Richard Fuchs / dbJanuary 22, 2015

The head of PEGIDA, a German movement critical of Islam, has resigned, and fewer people show up for the group's weekly demonstrations. But it won't just go away, DW's Richard Fuchs says: This where the real work starts.

https://p.dw.com/p/1EP2d
candles on the ground, sign that reads, "refugees welcome",
Image: picture-alliance/dpa/O. Killig

Is Germany's PEGIDA movement losing steam in the streets of Dresden and Leipzig?

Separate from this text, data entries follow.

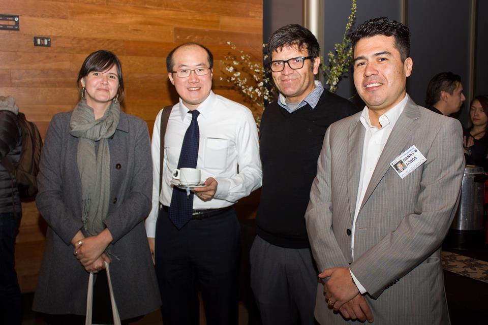 - Hector Lira y Danny Lobos junto al representante del Ministerio de Obras Públicas de Estados Unidos, Calvin Kam; Cesar Ascencio, Gerente de BIM Chile y Felipe Pino de BIM-Chile.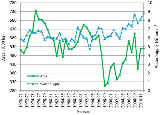 For the different management periods, the irrigation water requirements were calculated by both CWR and Indent methods considering the seasonal variation in the cultivated areas. Figure 3 represents the seasonal water supply and cultivated area for the Gezira scheme. It was observed that, during the last two decades, there is a significant decrease in the cultivated area; nevertheless, the water supply conversely keeps growing. The analysis of water supply and cultivated area data is shown in the next part.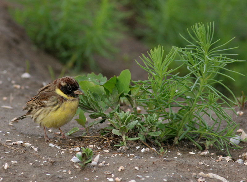 Beskrivelse: 2k han Gulbrystet værling -list mattere og lysere gul end den adulte han, og kun med et smalt rustbrunt brystbånd.

Many people feel the end is near for street protests that have been difficult to contain. While several people were injured in Wednesday's PEGIDA march in Leipzig, police say only about 15,000 people followed the call to express their concerns about being overwhelmed by immigrants in Germany, rather than the record 40,000 expected by the organizers.

It's a bitter setback for the movement that calls itself the "Patriotic Europeans against the Islamization of the West". And to top it off, Lutz Bachmann, the leader of the movement, stepped down after a picture emerged showing him sporting a Hitler-style haircut and moustache, accompanied by comments on Facebook describing asylum seekers as "livestock," and "gang of turds."

Supporters in the wings

People who believe the leaderless, shrinking movement may slowly be disintegrating and drifting toward the political and media margins might be mistaken.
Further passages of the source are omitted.